# domain name?



## bijou (Jun 21, 2012)

name of my clothing line is bijou. clothing line is urban/streetwear with a little French style to it. I wanted the domain name just bijou but it's already taken. Anyway have any good domain names ?


----------



## kimura-mma (Jul 26, 2008)

bijouclothing.com
bijoustreetwear.com
bijouurban.com
bijougear.com
bijoustyle.com
bijoufrench.com


----------



## bijou (Jun 21, 2012)

yea was thinking bout bijouclothing but idk I could be over thinking the domain name and keep it simple


----------



## AndyBaa (Jul 6, 2012)

Keep it simple - Beijistreet, or in french street is rue, beijirue, beiji clothing has been suggested but i would second it (keeps the domain applicable if you do well and want to diversify) sounds pretty cool. I am new on here, some of the creativity is inspiring. Are your designs on here. Are you based in the US by the way?


----------



## bijou (Jun 21, 2012)

hey also new on here and I am based on the us


----------



## bijou (Jun 21, 2012)

also what u guys thing about www.leboutiquebijou.com is it to long?


----------



## signsonadime (Jul 11, 2012)

The name is to hard to remember the spelling for people to go home and go to your site


----------



## printingray (Apr 4, 2012)

bijou said:


> also what u guys thing about www.leboutiquebijou.com is it to long?

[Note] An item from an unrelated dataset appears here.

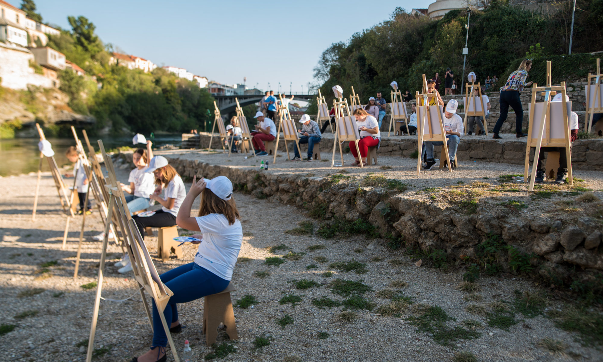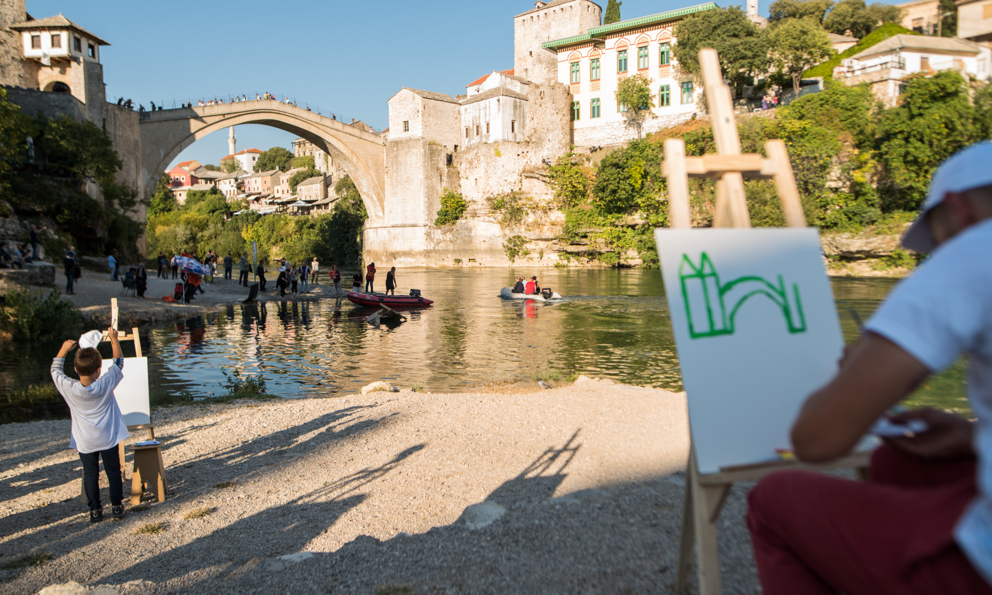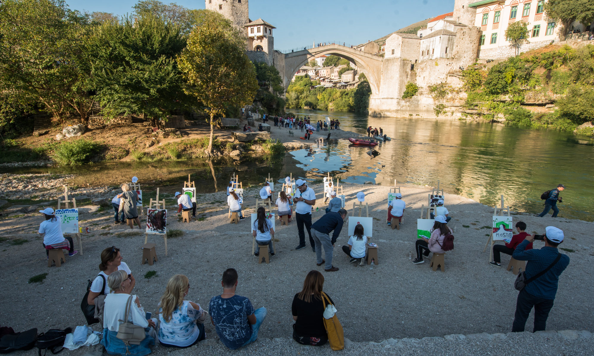 Uobičajeni prizor na Starom mostu u Mostaru, a koji barem za sunčanih dana podrazumijeva okupljene turiste u iščekivanju skoka nekog od mostarskih skakačkih avanturista, konkurenciju je dobio u jučerašnjem likovnom ateljeu na otvorenom.

Hi, Domain name is the first step towards promotion, you select really a difficult name which is not able to remember by the user in this case you cant got the direct traffic at your site. I would like to suggest you to select a simple but reasonable name for your site.


----------



## bijou (Jun 21, 2012)

thanks for the help everyone probably going for bijouclothing.com


----------



## GN (Aug 1, 2011)

bijou said:


> thanks for the help everyone probably going for bijouclothing.com


Couldn't you run into trademark issues later if the other bijou has already trademarked their name? I would think adding "clothing" would not ve enough to avoid TM issues down the road.


----------



## kimura-mma (Jul 26, 2008)

Yeah, GN is correct. You may want to do some more research before you invest in the brand name Bijou. There are already registered trademarks (for use on clothing) that feature the word Bijou.


----------



## bijou (Jun 21, 2012)

yea I understand but my lawyer said I shouldnt have a problem being that my last name is bijou


----------



## bijou (Jun 21, 2012)

and plus most of the companies that have bijou deal with jewelry not clothing


----------



## kimura-mma (Jul 26, 2008)

bijou said:


> yea I understand but my lawyer said I shouldnt have a problem being that my last name is bijou


If your advised you that it shouldn't be a problem, then you should believe him.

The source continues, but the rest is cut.